Но Настенька отказывалась от ее помощи, отталкивала ее протянутую руку, когда она стремилась ей помочь, ее поддержать. Она, по-видимому, поддавшись на уговоры шведского "папы", решила, что есть вокруг и другие люди, которые возможно много лучше ее русской мамы, и от мамы отвернулась. Тася пыталась с ней говорить, но чувствовала, что билась о глухую стену, девочка не хотела ее слышать. Действия бывшего мужа, мстительного интригана, были Таисии более понятны, он не стал им близким человеком, как они надеялись, а превратился в их врага. Но отношение ее родной дочери, которую она верно и преданно любила, ради которой жила в течение многих лет, было ей совершенно непонятно- это был удар в спину, это было противоестественно. Девочка разрушала свою жизнь и жизнь своей матери, губила их обеих беспощадно и жестоко.


                8
Мама Таисия старалась помочь своей дочери по-своему. Она не принуждала ее к еде, но она стала прибегать ко всяческим уловкам, чтобы девочка все-таки поела. Она старалась изо всех сил приготовить что-либо повкуснее, найти еду, которая бы ее девочке понравилась. И этим она ее все больше раздражала и отталкивала от себя, ее маленькая дочка любое упоминание о еде воспринимала болезненно, как угрозу ее весу и ее стилю жизни.

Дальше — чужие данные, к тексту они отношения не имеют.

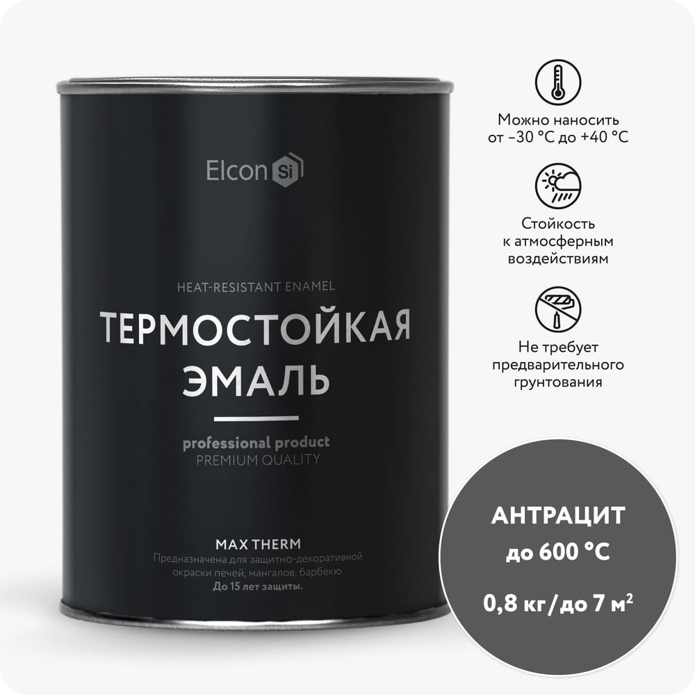 Термостойкая краска для металла, печей, мангалов, радиаторов, дымоходов, суппортов Elcon Max Therm антрацитовая, до 600 градусов, 0.8 кг 00-00002887 предназначена для антикоррозионной защиты металлоконструкций, оборудования, печей для саун, дымовых труб, выхлопных систем автомобилей, деталей двигателей, емкостного оборудования, подвергающихся в процессе эксплуатации воздействию температур от -60 °С до +600 °С*, а также для окраски минеральных поверхностей, длительно эксплуатируемых в условиях умеренного климата. *Термостойкость покрытия зависит от цвета и может составлять от +400 °С до +1200 °С Важно! Для обеспечения требуемых свойств покрытия необходимо провести термозакалку: выдержать при температуре окружающего воздуха в течение не менее 30минут, затем нагреть до температуры >250°C со скоростью 3,5°C в минуту и поддерживать эту температуру не менее 3часов. При достижении температуры 250°С покрытие начнет слегка дымиться, что является нормальным и свидетельствует о том, что идет процесс термозакалки. Области применения: Печи Оборудование Мангалы Котлы Трубопроводы Металлоконструкции Суппорта Выхлопные системы Детали двигателя Радиаторы Трубы отопления

Как-то вечером, когда Настенька в очередной раз отказалась ужинать, поставила Тася в ее комнату тарелку с орешками, надеясь, что девочка что-нибудь все-таки перехватит. И что тут началось! Настя стала с ненавистью кричать на нее и звонить в шведскую организацию защиты детей, а потом и в полицию.

Таисия была в отчаянии, она не  понимала, что происходит с ее маленькой девочкой, и в чем она провинилась перед ней, ну что она сделала такого, зачем нужно звонить в полицию, в шведскую полицию, которая к ним, ко всем русским, относились настороженно и с предубеждением?

А через несколько минут позвонили в дверь два дюжих шведских полицейских, на Тасю смотрели они враждебно, разговаривать с ней не стали, сказали только, что звонила в полицию девочка, с которой здесь, очевидно, плохо обращаются. Они отодвинули женщину в сторону и прошли в комнату Настеньки. Девочка сама напугалась своего импульсивного поступка, испугалась приезда полицейских и убежала через дверь террасы на улицу. Полицейские ушли в темноту искать беглянку. 

Тася сидела на кухне и горестно думала, что девочку теперь скорее всего у нее отнимут и заберут в шведский детский дом. Они русские, их здесь не любят, подозревают в худшем, им здесь веры нет. Тася чувствовала себя обреченной, все, ради чего она жила много лет, все рушилось в ее жизни.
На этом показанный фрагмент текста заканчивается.